__Task instructions__. When you transcribe the lines below, keep every word the same and leave the pictures behind.

__Data__.
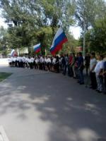 Митинг завершился минутой молчания в память о погибших во время террористического акта в школе №1 г. Беслана 3 сентября 2004 года.
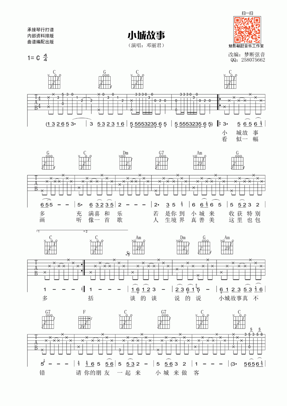 曲谱介绍: 邓丽君《小城故事》吉他弹唱谱,共有2张高清图谱,免翻页排版设计。
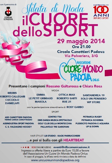 (Padova 28.05.14) Dalla pista alle passerelle. Gli atleti di Assindustria Sport Padova per una volta vestiranno i panni, per loro inconsueti di... modelli. Giovedì 29 maggio, dalle 21, sfileranno infatti al Circolo Canottieri di via Polveriera per “Il Cuore dello Sport”, serata di raccolta fondi per l’associazione “Un cuore un mondo Padova onlus”, che sostiene i reparti di cardiologia e cardiochirurgia pediatrica dell’Azienda ospedaliera-Università di Padova.
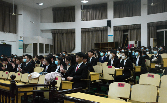 2021年11月18日晚,Beat365中文官方网站学生代表大会在香远楼模拟法庭顺利召开。参加此次会议的有2020级学生会主席团及各位学生代表。

__The completed task__.
 Митинг завершился минутой молчания в память о погибших во время террористического акта в школе №1 г. Беслана 3 сентября 2004 года.
 曲谱介绍: 邓丽君《小城故事》吉他弹唱谱,共有2张高清图谱,免翻页排版设计。
 (Padova 28.05.14) Dalla pista alle passerelle. Gli atleti di Assindustria Sport Padova per una volta vestiranno i panni, per loro inconsueti di... modelli. Giovedì 29 maggio, dalle 21, sfileranno infatti al Circolo Canottieri di via Polveriera per “Il Cuore dello Sport”, serata di raccolta fondi per l’associazione “Un cuore un mondo Padova onlus”, che sostiene i reparti di cardiologia e cardiochirurgia pediatrica dell’Azienda ospedaliera-Università di Padova.
 2021年11月18日晚,Beat365中文官方网站学生代表大会在香远楼模拟法庭顺利召开。参加此次会议的有2020级学生会主席团及各位学生代表。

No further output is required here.